Самойлов сохраняет опорные детали и слова (вопрос гражданина "Приезжий?"; "Подкеросинь ему пивко" превращается в "А там, в пивной, пивком ее подкрасим"), место действия (с поправкой; теперь выпивать приходится в столовой "под компот"), портретные черты, легкий "иностранный" привкус в имени и намек на вторую профессию официантки (ср.: "У Юли груди – в полведра. / У Юли – челка. / Она любезна и добра, / но к здешним только" и "А-а выпятил полтинники на Лорку <…> Ей цена-то грош! / Конечно, все при ней: станочек, грудь…" – 187–189), но отношения поэта и гражданина развиваются по схеме, прямо противоположной той, что работала у Слуцкого. Гражданин радостно вступает в беседу с приезжим, мгновенно (не выясняя, кто он) определяет его в собутыльники; с удовольствием рассказывает о себе; придумывает поэту родню; честно делит расход на выпивку ("Давай-ка два рубля <…> На-ка сдачу" – куплена, скорее всего, поллитровка за три рубля шестьдесят две копейки) – словом, общается с приезжим как со своим ("Вижу – парень ты простой").
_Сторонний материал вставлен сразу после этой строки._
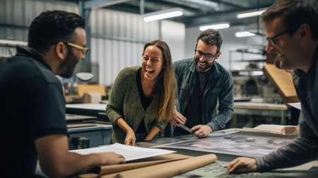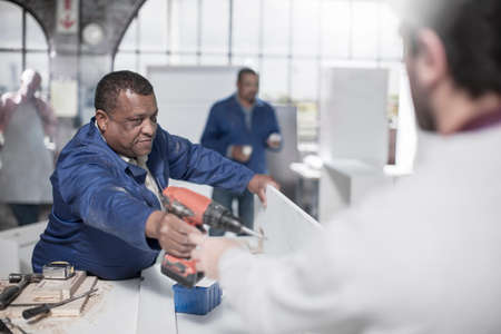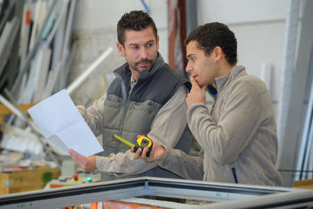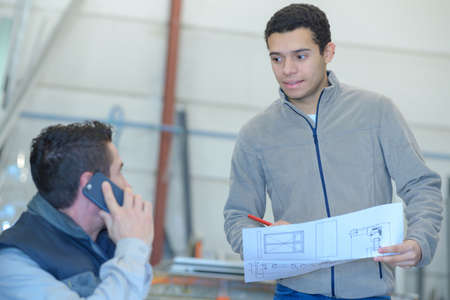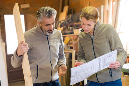 Two colleagues carpenters discussing and working with a technical blueprint drawing construction paper in their workshop illustrating models on a board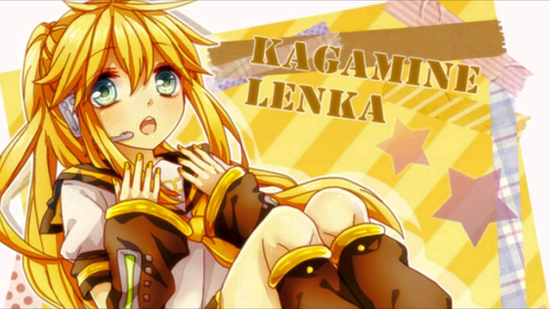 Description: A anime girl with long blonde hair and a yellow dress is talking on a cell phone and has a yellow background.

Гражданин словоохотлив; поэт молчалив; подчиняясь, он к новому знакомцу не подлаживается (не обсуждает проблему выпивки, не реагирует на неудачу с закрытой пивной) и лишь отвечает на вопросы, сперва односложно, потом – по-прежнему лаконично, но удлиняя реплики, которые звучат все более символично.
Ты не Петрова брат?
Поэт
Да нет.
Гражданин
Весь в брата.
Поэт
Нету брата у меня.
Гражданин
Ну весь в сестру. Ведь и сестра родня.
Далее следует семистрочная тирада гражданина, в которую вместились: отчет об удачном походе в магазин (который никак не мог быть коротким – поэт отрешенно ждал спутника), движение к пивной, досада гражданина при виде запертой двери, два его предложения – отправиться в столовую, а лучше – к "сестре" поэта. На последнее поэт отвечает развернуто: "Да у меня родни и вовсе нет", что и вызывает чуть раздраженное изумление и "роковой" вопрос: "Так бы сказал… А сам ты кто?". Ответное (заветное) слово рифмуется с "нет" (188) – поэт совершенно одинок [91] . Кроме смысла общего (всякий поэт всегда одинок), здесь слышна и автобиографическая нота (Самойлов был единственным сыном). Еще важнее отказ от братства "гражданственного", "фронтового" (что сложно отразится в рассказе поэта) или "трудового" – в духе Слуцкого и Маяковского [92] .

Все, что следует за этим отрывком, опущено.